COVERAGE of Geert Wilders being refused access to the UK was explained today on the BBC News Channel in terms of Wilders’ own views on Islam.

Islam, according to Wilders (according to the BBC), when practised according to a strict interpretation of the Koran, is incompatible with western values.

I have no knowledge of the Koran, so I can’t verify if that proposal has any validity. I do know that the Muslims with whom I’m friendly seem to have no problem integrating with British society.

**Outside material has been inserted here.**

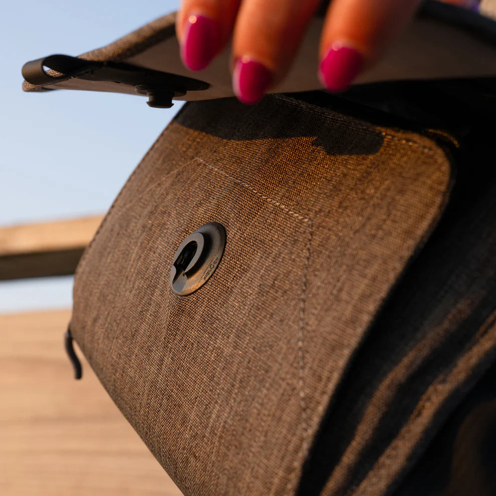 The front flap is secured with a quick-access magnetic Fidlock® latch—just pull downward to release it, and it automatically snaps back into place when closed. For fast top-down access, the main compartment can also be reached via a convenient zipper on top.
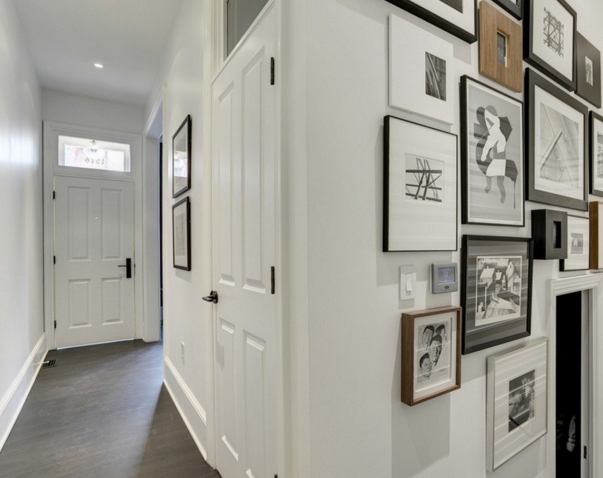 Хорошей идеей для оформления узкого коридора – сочетания оттенков с одинаковой температурой, с различной степенью насыщенности, а также композиции оттенков, смежных друг с другом на цветовом круге.

But at the risk of being accused of “appeasing” anyone, you could argue that Christianity, like Islam, is similarly incompatible with western values: the Bible teaches that women should be subservient to their husbands, that homosexuals and adulterers should be killed (or, in New Testament terms, at least condemned as sinful), that slavery can be tolerated and that a man whose testicles have been crushed can’t go to church (check out Deutoronomy if you don’t believe me, though I imagine that if you had just suffered that fate you might have concerns other than whether or not the kirk elders are going to let you into the 11.30 am service).

But most Christians, like most Muslims, manage to reconcile their personal faith with living in a westernised secular society. 

My immediate instinctive response to Wilders being declined UK entry was similar to Iain Dale’s. But I’ve supported government decisions in the past to exclude Islamist hate preachers, and complained when decisions to exclude them haven’t been made, so I probably couldn’t sustain a coherent argument in favour of Wilders’ admission.